(Data extracted from a collection)
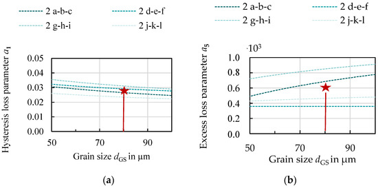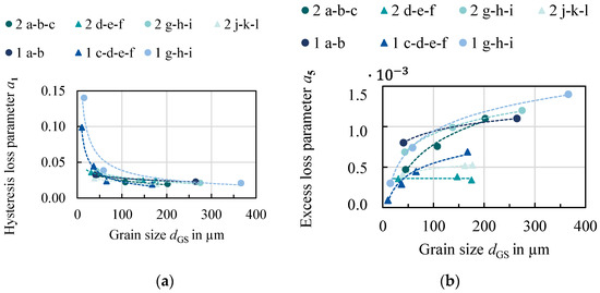 The loss parameters for all studied samples were identified as well as evaluated and are discussed in the following section. The electric resistivity can be calculated or taken from diagrams according to [19] or [20] based on the silicon and aluminum content. As the relation between the Foucault loss, the silicon and aluminum content and the sheet thickness are solely calculated, the correlations of are not displayed. In Figure 8, the hysteresis and excess loss parameters are displayed as a function of grain size. The circular markers represent the 0.5 mm grades and the triangular markers indicate the 0.25 mm grades.
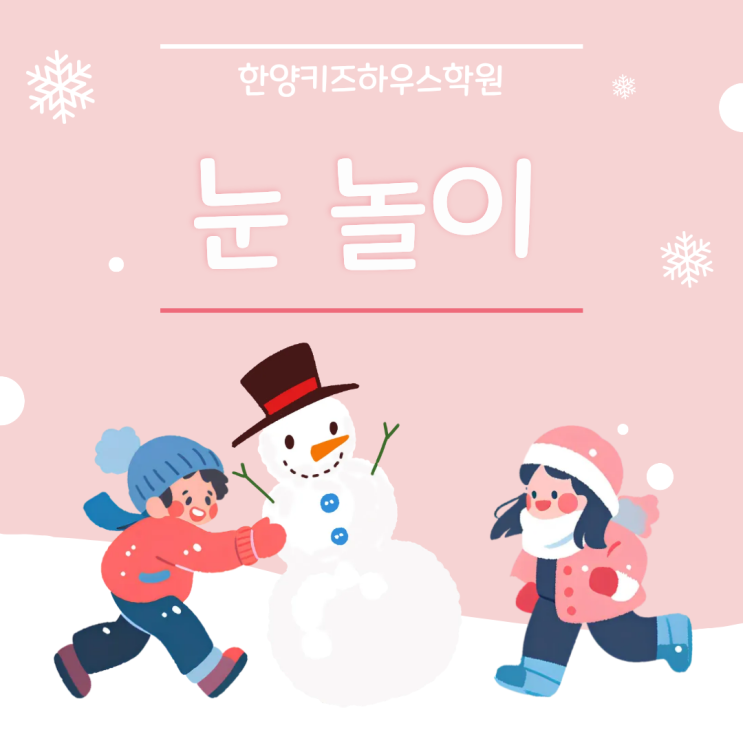 눈이 오면 축구장에서 아이들과 함꼐 눈놀이를 하였어요. 눈도 만져보고 눈도 뭉쳐서 던져보고!! 눈 위에서 즐겁게 눈 놀이를 했어요. 다양한 놀이를 하는 여기는 한양키즈하우스 궁금하신 점은 언제든 한양키즈하우스로 문의해 주세요. ☎️문의 02) 2249 - 6001 한양키즈하우스학원 – 아이들의 성장을 함께합니다! - 놀이학 프로그램 안내 - <img src="https://blogthumb.pstatic.net/MjAyNjAxMTVfMTM0/MDAxNzY4NDg3NDA5OTk5.6sHQm809lM0breCrNdca2JbAptBEtzjY-uD5U_dbVtgg.jcF9NdySW2XPAA-Tx7zYu-GNqXxswPzWcfP5WGLUFKQg.PNG/%C1%A6%B8%F1%C0%BB_%C0%D4%B7%C2%C7%D8%C1%D6%BC%BC%BF%E4._%2812%29.png?type=s3" />
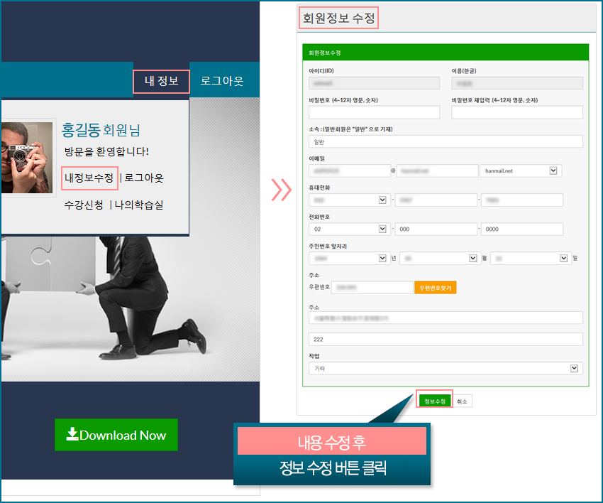 Á¤º¸¸¦ º¯°æ ÈÄ È®ÀιöưÀ» Ŭ¸¯ÇÕ´Ï´Ù.
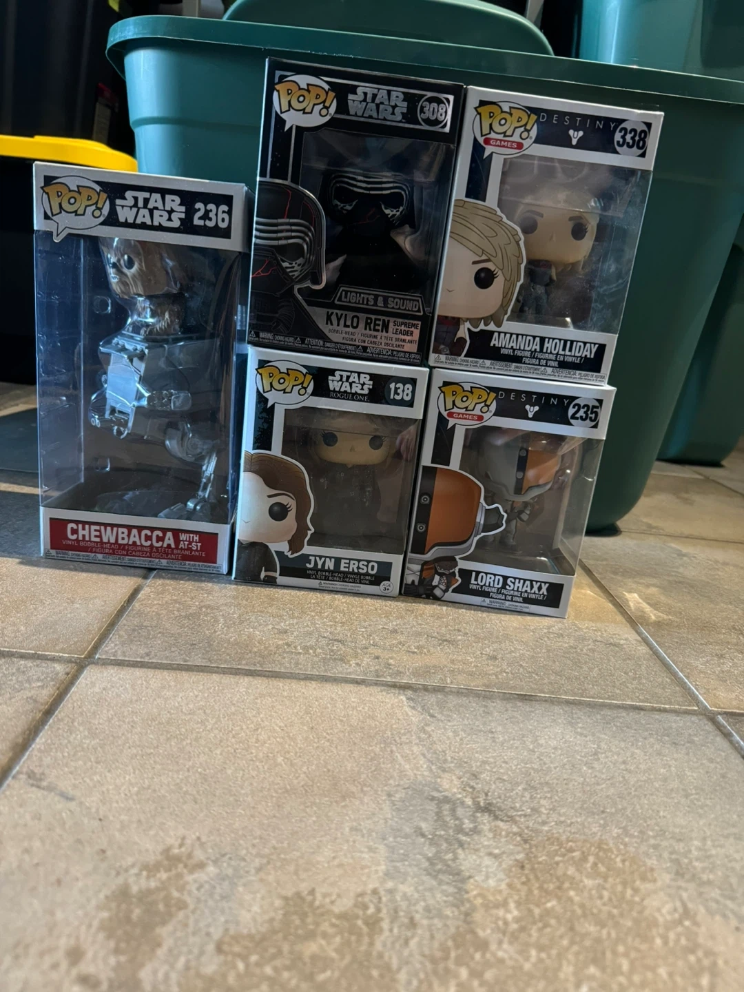 Selling a collection of Funko POP! figures. Included are: - Star Wars Chewbacca with AT-ST (236) - Star Wars Kylo Ren Lights & Sound (308) - Destiny Amanda Holliday (338) - Rogue One Jyn Erso (138) - Destiny Lord Shaxx (235) take all for $100
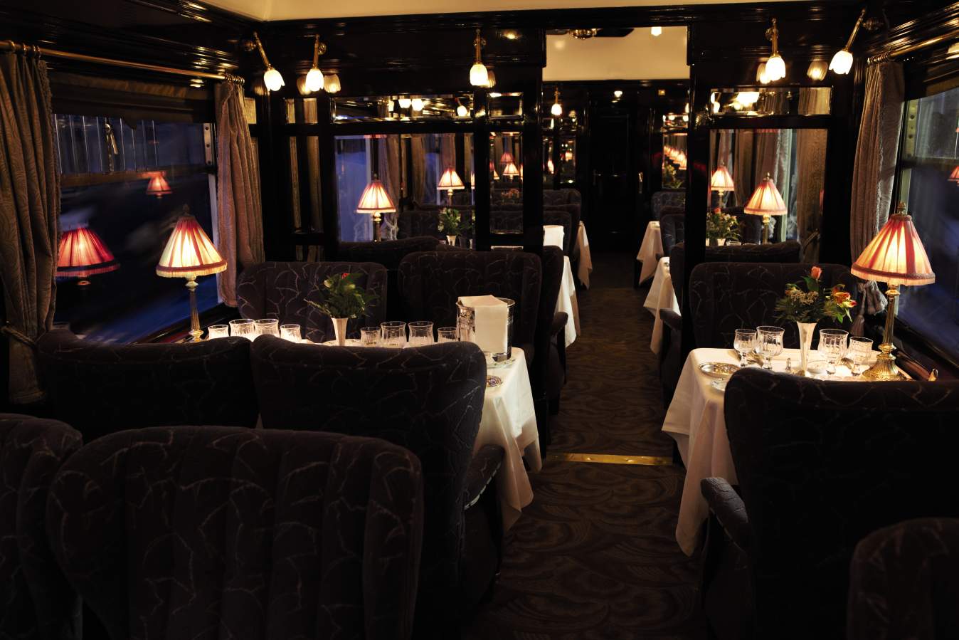 The British Pullman’s parlour cars are known for their art deco design and restored interiors. Polished wood, brass details, and carefully chosen fabrics create a refined setting.
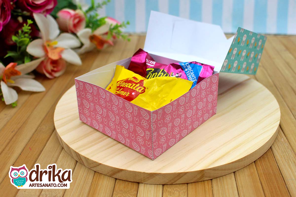 Cada caixinha é perfeita para acomodar 2 bombons como Sonho de Valsa, Ouro Branco ou Serenata de Amor, mas também serve para colocar balinhas, ovinhos pequenos, docinhos ou qualquer outro mimo que você preferir.
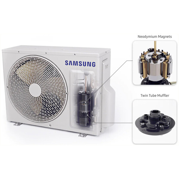 Сплит система Samsung AR18TQHQAURNER / AR18TQHQAURXER работает на безопасном фреоне R410A. На блоке расположен цифровой дисплей, где отображается текущий режим работы и температура.
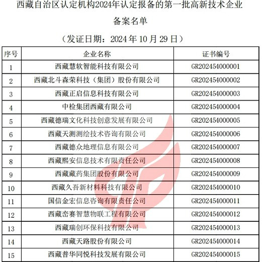 在復審認定過程中,公司提交并匯報了詳盡的高新技術企業認定材料,包括知識產權、科技成果轉化、研發投入、研發人員構成等關鍵信息。主管單位西藏自治區科學技術廳也對公司的技術創新能力、研發成果、財務狀況等方面進行了全面評估。經過嚴格的復審認定程序,公司順利地再次被認定為高新技術企業。這一認定不僅是對公司前期科技創新成果的肯定,也是對公司未來持續創新發展的鼓勵和鞭策。
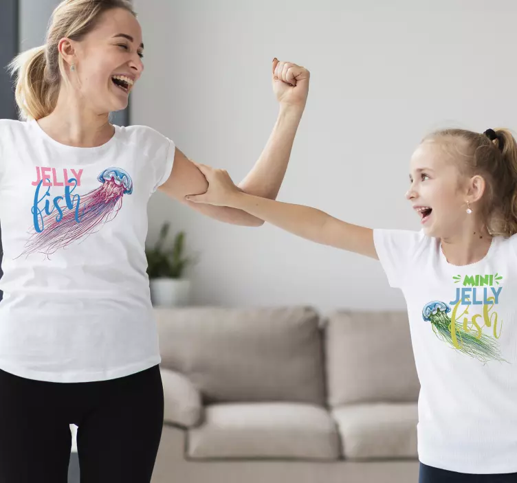 Riferimento: T5235Questa vivace immagine mostra una madre e una figlia che condividono momenti gioiosi, entrambe vestite con top coordinati che presentano vivaci immagini di meduse. Il design giocoso mette in risalto il loro legame e crea un'atmosfera divertente e colorata, perfetta per esprimere amore e unità.
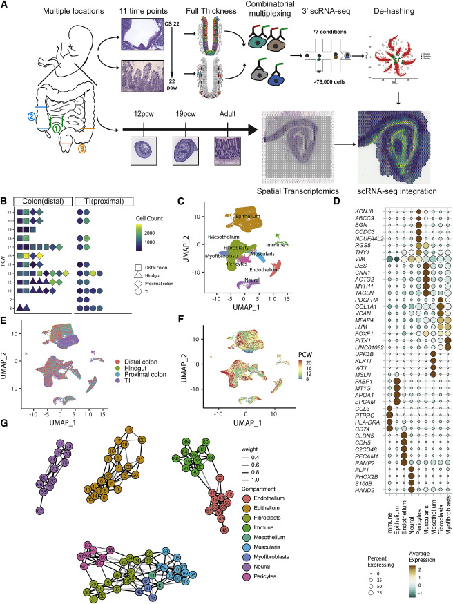 腸道是人體*大的屏障器官,可與腸道菌群共生,協(xié)調營養(yǎng)需求和免疫。多種相互關聯(lián)的細胞類型構成了成熟的腸道及其獨特的形態(tài),但是它們形成的分子基礎仍然不清楚。原腸形成后,后內胚層發(fā)生廣泛折疊產生胚胎腸管,形成小腸和大腸。在早期腸內,假復層的上皮和間充質細胞迅速增殖,導致腸管伸長和變寬。在胚胎發(fā)育的CS14階段左右,快速生長的腸形成環(huán)狀,隨后(CS16)突入胚胎外腔,在受孕后11周(PCW)時返回腹腔。在8-12 PCW之間,假復層上皮彎曲,產生由多種分化的上皮細胞類型組成的絨毛和隱窩結構,并建立由上皮干細胞(ISC)維持的自我更新回路。盡管已經很明確這個過程需要隔室之間協(xié)調發(fā)展,但在人體中其驅動的確切分子機制還是未知的。在小鼠的研究中,PDGFRA表達的位于間質小腸“小丘”下的間充質細胞被認為可促進絨毛的形成,而雛雞模型表明發(fā)育中的肌層的屈曲力會引發(fā)這些事件。組織學分析揭示腸道發(fā)育具有物種特異性差異,強調了直接研究人體組織的必要性。腸道是出生時免疫細胞啟動的部位,腸道免疫細胞的個體發(fā)育缺陷與疾病相關連。先天性或產后早期腸道疾病的發(fā)病機理難以確定,當獲得組織的機會很少時子宮內會發(fā)生異常。單細胞RNA測序(scRNA-seq)分辨率有助于繪制器官發(fā)育圖譜,并揭示了成年腸道中以前未鑒定的細胞類型和與疾病相關的表型。空間轉錄組學(ST)可以將轉錄標記映射到對發(fā)育至關重要的不同區(qū)域,其模式和位置特定的形態(tài)發(fā)生梯度會影響器官發(fā)生。在這項研究中,研究人員利用高通量的scRNA-seq和ST創(chuàng)建了人類腸道發(fā)育的大規(guī)模單細胞時空圖譜,繪制了跨時間,位置和細胞區(qū)室的形態(tài)發(fā)生圖;編譯了一個集成的在線資源,對細胞多樣性,細胞間信號傳導和轉錄調控網絡進行了分類,以突出祖細胞的起源和位置的命運決定。
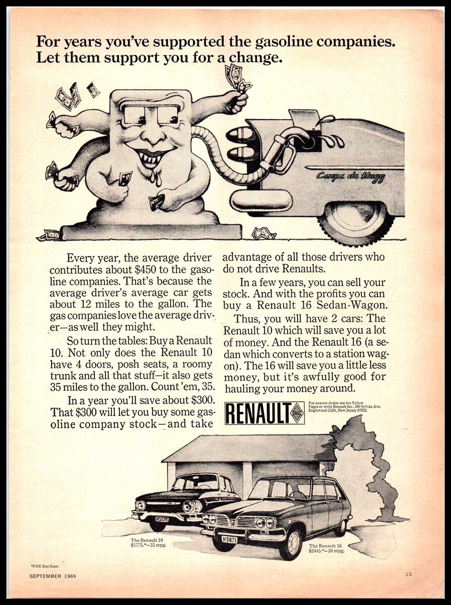 1969 Magazine Car Print Ad - RENAULT, Renault 10 & Renault 16 A7
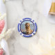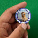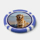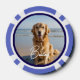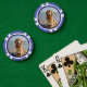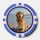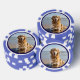 Foto personalisierte Poker Chips. Ersetzen Sie das Foto durch Ihr eigenes und ändern Sie den Text. Leicht zu erledigen von der Produktseite. Weißes Skript mit Foto und blauem Hintergrund.

_About this task_:
Respond with the exact lines above running from the one containing "Сплит система Samsung" to the one containing "Riferimento: T5235Questa vivace", both ends kept and no pictures included.

_Answer_:
 Сплит система Samsung AR18TQHQAURNER / AR18TQHQAURXER работает на безопасном фреоне R410A. На блоке расположен цифровой дисплей, где отображается текущий режим работы и температура.
 在復審認定過程中,公司提交并匯報了詳盡的高新技術企業認定材料,包括知識產權、科技成果轉化、研發投入、研發人員構成等關鍵信息。主管單位西藏自治區科學技術廳也對公司的技術創新能力、研發成果、財務狀況等方面進行了全面評估。經過嚴格的復審認定程序,公司順利地再次被認定為高新技術企業。這一認定不僅是對公司前期科技創新成果的肯定,也是對公司未來持續創新發展的鼓勵和鞭策。
 Riferimento: T5235Questa vivace immagine mostra una madre e una figlia che condividono momenti gioiosi, entrambe vestite con top coordinati che presentano vivaci immagini di meduse. Il design giocoso mette in risalto il loro legame e crea un'atmosfera divertente e colorata, perfetta per esprimere amore e unità.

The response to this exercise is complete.